Description of the task: Exact reproduction of the data is required, with images excluded.

Dataset excerpt:
● ● ● ●
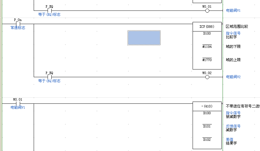 控制一個3位4通電磁閥V1,V2,指令信號為4-20ma,反饋信號為4-20Ma,要求指令信號為4-12ma時電磁閥V1動作,當反饋信號和指令信號差值很小時V1停止工作;當指令信號為12-20MA時電磁閥V2工作,當反饋信號和指令信號之間差值很小時V2停止工作。求大俠告知,謝謝了
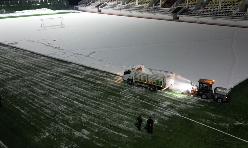 Bitlis Gençlik ve Spor İl Müdürlüğü ekipleri, futbol karşılaşmalarının aksamaması için Bitlis Eren Stadyumu zemininde kar temizleme çalışması başlattı.
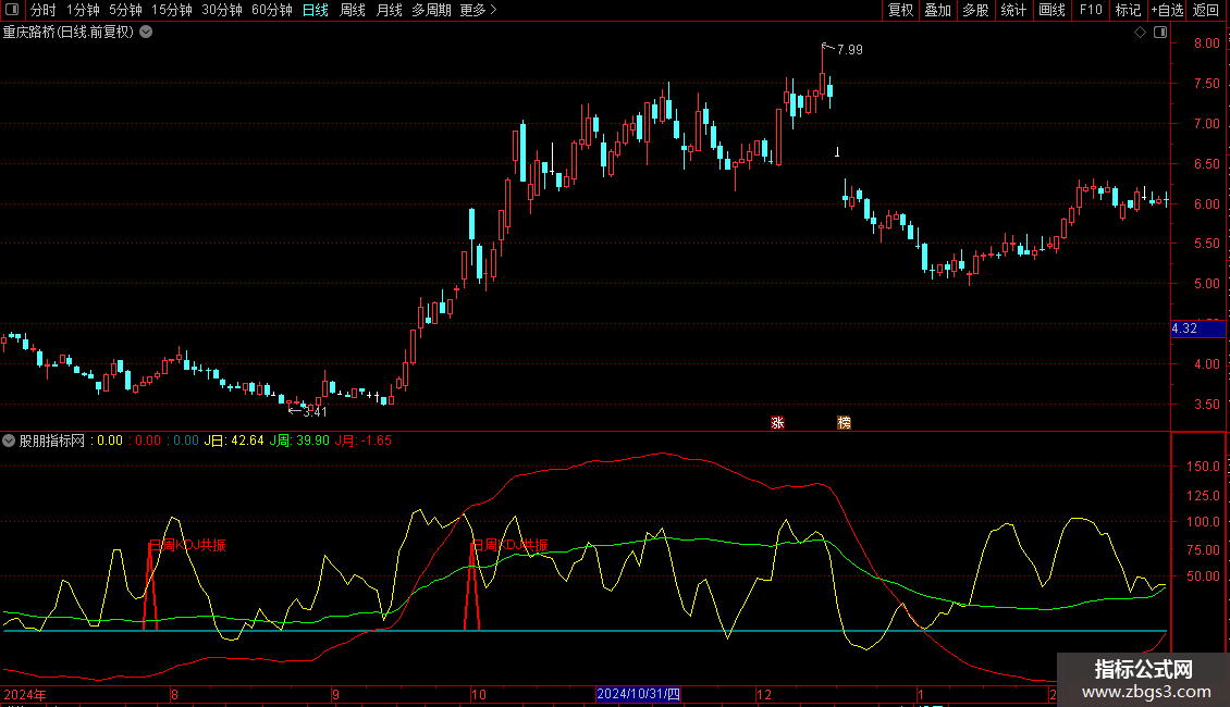 IF(日金叉 AND 周金叉 OR 月金叉,80,0)COLORRED,LINETHICK2;
● ● ● ●
Reply to the exercise:
 控制一個3位4通電磁閥V1,V2,指令信號為4-20ma,反饋信號為4-20Ma,要求指令信號為4-12ma時電磁閥V1動作,當反饋信號和指令信號差值很小時V1停止工作;當指令信號為12-20MA時電磁閥V2工作,當反饋信號和指令信號之間差值很小時V2停止工作。求大俠告知,謝謝了
 Bitlis Gençlik ve Spor İl Müdürlüğü ekipleri, futbol karşılaşmalarının aksamaması için Bitlis Eren Stadyumu zemininde kar temizleme çalışması başlattı.
 IF(日金叉 AND 周金叉 OR 月金叉,80,0)COLORRED,LINETHICK2;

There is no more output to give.